▶ Task directions
Reproduce, exactly and only, the lines of the data that follows from the one containing "Equipped with a" down to the one containing "11月の水曜日から水曜日専科", without pictures.

▶ Information supplied
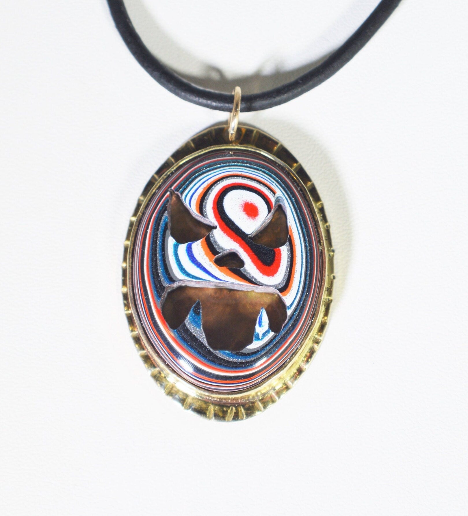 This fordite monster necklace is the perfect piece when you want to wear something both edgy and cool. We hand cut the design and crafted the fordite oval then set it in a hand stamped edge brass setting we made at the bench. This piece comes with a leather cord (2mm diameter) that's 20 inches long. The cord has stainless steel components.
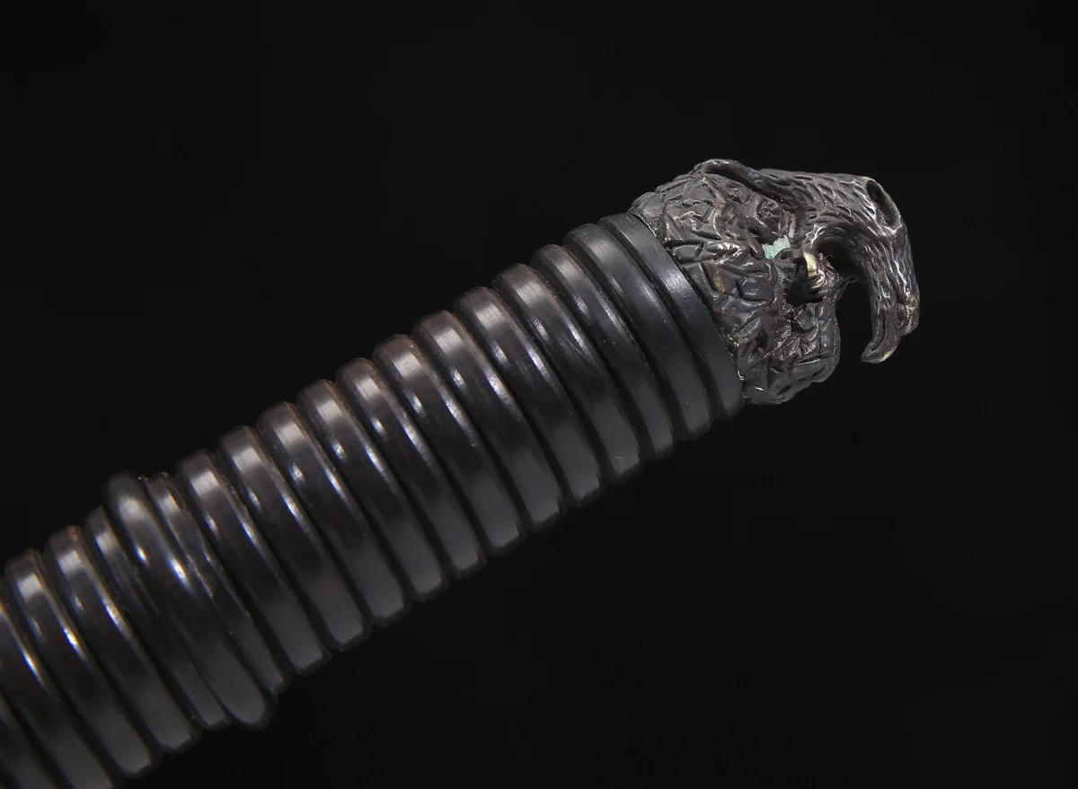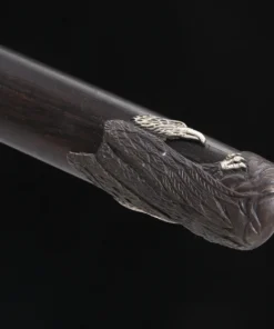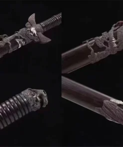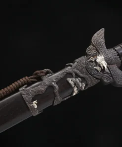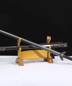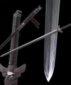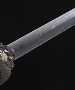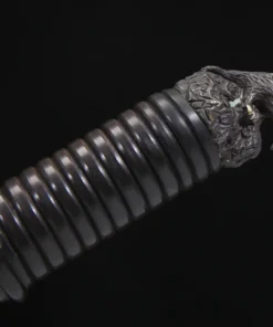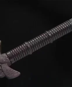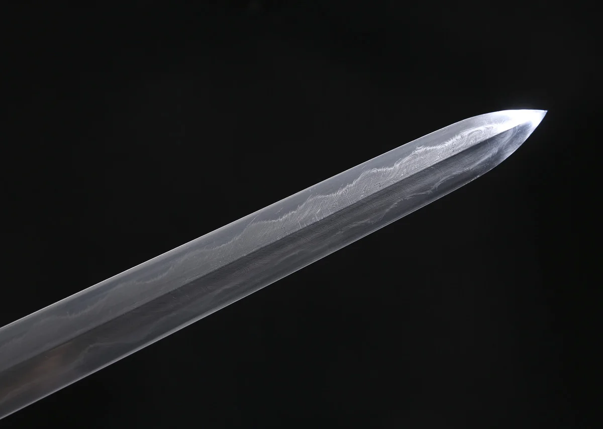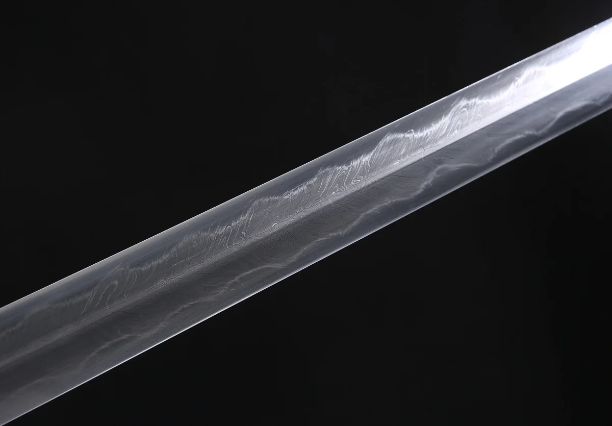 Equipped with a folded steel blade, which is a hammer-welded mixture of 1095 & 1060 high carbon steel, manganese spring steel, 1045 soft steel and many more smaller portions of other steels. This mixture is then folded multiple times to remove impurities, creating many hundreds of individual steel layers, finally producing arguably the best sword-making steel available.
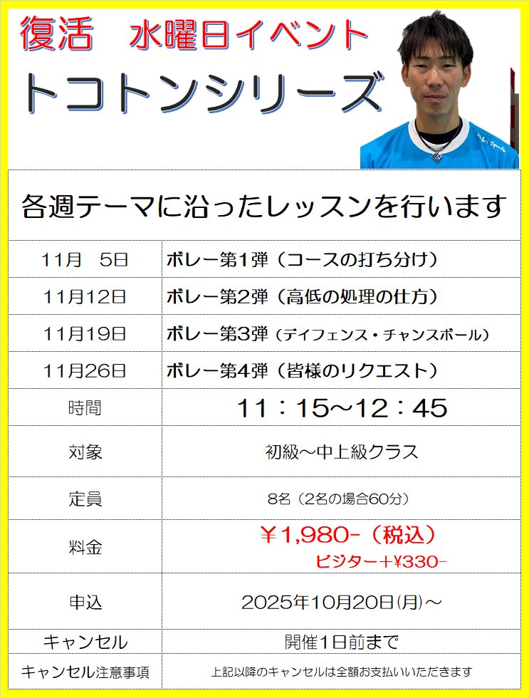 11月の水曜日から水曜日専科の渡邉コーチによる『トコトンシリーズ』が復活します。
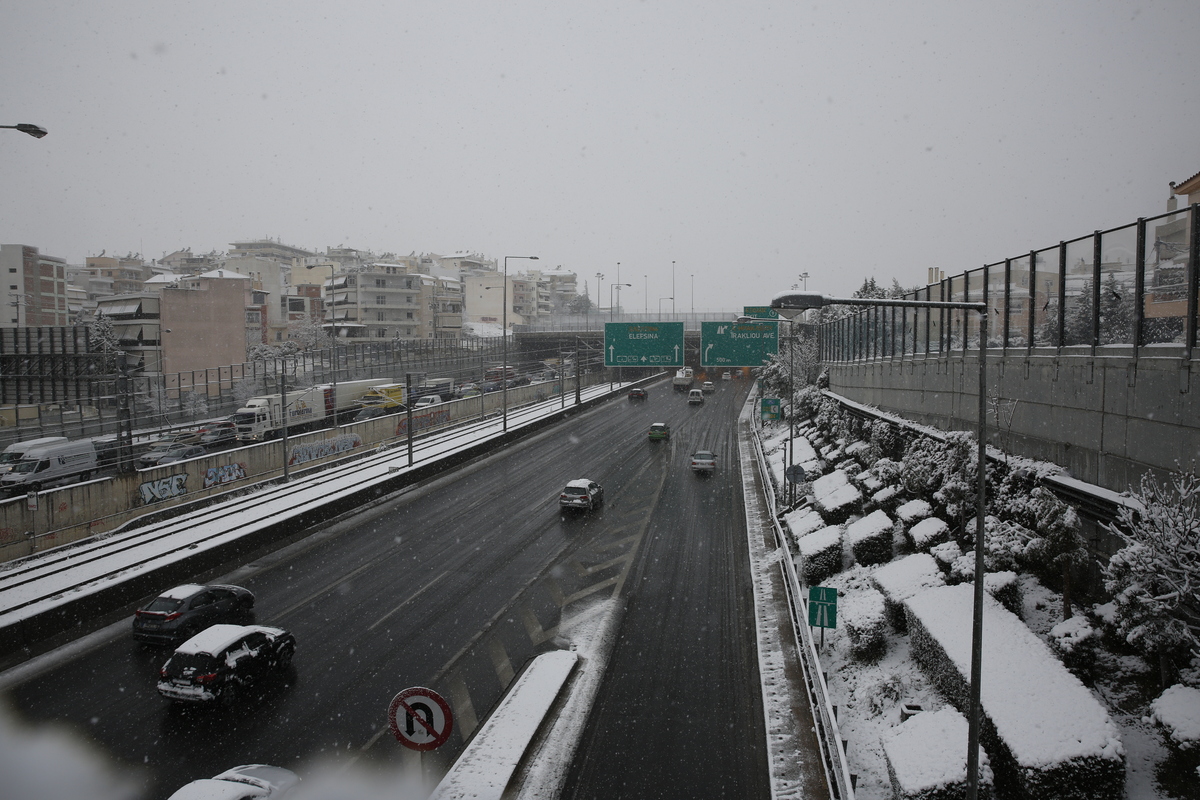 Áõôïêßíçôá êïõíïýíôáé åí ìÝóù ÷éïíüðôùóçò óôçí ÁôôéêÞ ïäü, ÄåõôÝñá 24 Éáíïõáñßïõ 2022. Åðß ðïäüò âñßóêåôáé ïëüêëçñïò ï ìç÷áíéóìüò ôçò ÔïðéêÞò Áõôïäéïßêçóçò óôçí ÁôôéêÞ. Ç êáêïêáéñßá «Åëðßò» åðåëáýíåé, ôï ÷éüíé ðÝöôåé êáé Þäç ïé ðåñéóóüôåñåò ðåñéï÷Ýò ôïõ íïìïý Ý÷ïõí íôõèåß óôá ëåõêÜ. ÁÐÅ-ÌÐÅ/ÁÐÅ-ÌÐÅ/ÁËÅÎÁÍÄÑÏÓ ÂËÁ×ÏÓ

▶ Solution
 Equipped with a folded steel blade, which is a hammer-welded mixture of 1095 & 1060 high carbon steel, manganese spring steel, 1045 soft steel and many more smaller portions of other steels. This mixture is then folded multiple times to remove impurities, creating many hundreds of individual steel layers, finally producing arguably the best sword-making steel available.
 11月の水曜日から水曜日専科の渡邉コーチによる『トコトンシリーズ』が復活します。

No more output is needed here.